Here’s some of what’s happening behind the scenes. Or, BTS as the kids would say lol. AI workloads, which is just the fancy talk for “the actual computing work AI systems do,” currently take up about 25% of data center capacity. But industry experts project that number could hit 50% by 2030. That’s only six years away. It’s gonna come quick!
If we think about what that means, half of all the computing power in these massive data centers could be dedicated just to AI. That’s a ginormous shift, and it’s why companies are racing to build that capacity right now. Nobody wants to be left behind, right?
The sector is expected to grow at about 14% per year through 2030. For comparison, that’s way faster than any of the more traditional industries. And right now, these facilities are operating at about 97% occupancy, meaning they’re pretty much maxed out. About 77% of the new construction is already spoken for. This is happening even before the buildings are even finished. So, on paper, those numbers look pretty healthy.
So Where Does the Bubble Talk Come From?
Here’s where things get interesting and a could be a bit messy. While some analysts look at those numbers and see solid fundamentals, others are waving those red flags like Bruce Dickenson waving the Union Flag during the Trooper lol

The skeptics point to a few concerning patterns. First, there’s what some are calling it “circular financing.” This is like when Company A invests money in Company B, and then Company B uses that money to buy products from Company A. It creates a loop that looks good on paper but might not reflect real demand. Ummm, it’s kinda like me giving you $20, only so you can go buy me a gift, lol.
For a more practical example, chip maker Nvidia has committed to investing up to $100 billion to help OpenAI build data centers. OpenAI then turns around and uses that commitment to buy millions of Nvidia’s GPUs for those facilities. Similarly, Microsoft invests in AI companies that then agree to use Microsoft’s computing power. See how this is the circle?
The second red flag is the actual revenue. Despite all this investment and crazy hype, most AI companies aren’t actually making much money yet. I mean the idea of a for profit business is to make money! Most of these AI companies are actually burning through the cash, many offering services below cost to just to get people hooked, hoping they can eventually raise prices later or dramatically cut costs in the future. It’s kind of like when we had a new pizza place open here in town. It was offering an entire “16 inch one topping pizza for only $5 to get us customers in the door. Great when they first started, but they just couldn’t survive when they had to pay increased prices for ingredients, then offered only cheese for the $5 price, and increased prices to us customers to add that first topping?
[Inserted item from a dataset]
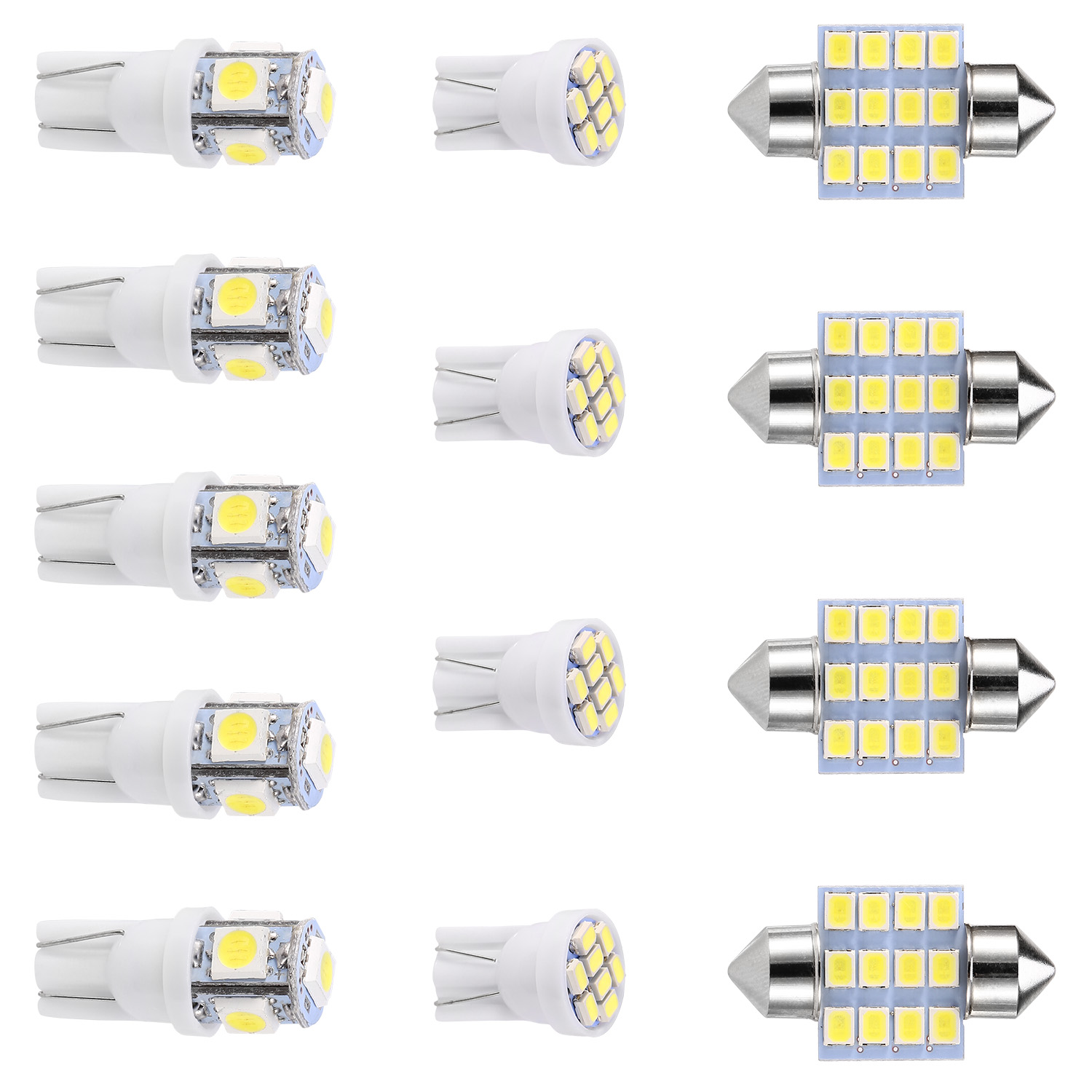 Do you want to say good bye to dim light environment and make your car interior brand new Our economical and powerful 13pcs festoon LED interior light kit will help you It comes with 3 types of LED light bulbs T10 5050 5LEDs bulb T10 1206 8LEDs bulb and 31mm 2835 12LEDs bulb to provide 60lumens 56lumens and 84lumens separately And combining premium LED chip with scientific circuit design it has a low power consumption to reach around 50000H lifespan Additionally it can directly replace the original T1031mm halogen bulb and widely installed on various types of 12V DC vehicles as dome light map light license plate light trunk light side positioning light etc Reliable Light Performance Coming with 3 types of LED light bulbs which separately adopt 5pcs 5050 LED chips to reach 60lumens and 6000K brightness 8pcs 1206 LED chips to reach 56lumens and 6000K brightness and 12pcs 2835 LED chips to reach 84lumens and 6000K brightness Economical Festoon LED Interior Light Kit Including total 13pcs festoon LED light bulbs 5pcs T10 5050 5LEDs bulbs 4pcs T101206 8LEDs bulbs and 4pcs 31mm 2835 12LEDs bulbs to snugly replace your original dim light bulbs and make your car interior brand new Energy Saving and Long Lifespan Combining premium LED chip with scientific circuit design our LED light bulb has a low power consumption and can reach up to 50000H lifespan Easy and DamageFree Installation Comes with original T1031mm halogen bulb connecting interface you can replace the original halogen bulb directly no cutting no splicing plug and play MultiPurpose and Wide Application Can be used as dome light map light license plate light trunk light side positioning light etc and widely installed on various types of 12V DC vehicles Brand Fresh Fab FindsProduct Type LED Interior Light KitMaterial PlasticSuitable Sockets T1031mmLED Type 505012062835LED Light Color White Lumens 60LM T10 5050 5LEDs 56LM T10 1206 8LEDs 84LM 31mm 2835 12LEDsColor Temperature 6000KVoltage DC 12VLifespan 50000Hours Item Size As the Picture ShowItem Weight 16g0036lbs Packaging Size 11cm x 75cm x 1cm433in x 295in x 039in L x W x HPackaging Weight 19g0042lbs5 x T10 5050 5LEDs Bulbs 4 x T10 1206 8LEDs Bulbs4 x 31mm 2835 12LEDs Bulbs1 x User Manual

Some researchers, like Julien Garran from UK firm MacroStrategy Partnership, have gone so far as to call the AI spending ecosystem “the biggest and most dangerous bubble the world has ever seen.” He argues that most AI companies are stuck in a permanent cycle of needing to raise more money because they can’t figure out how to actually turn a profit.
“the biggest and most dangerous bubble the world has ever seen.” – Julien Garran
His point? When you run out of new investors willing to throw money at the problem, the whole thing could come crashing down.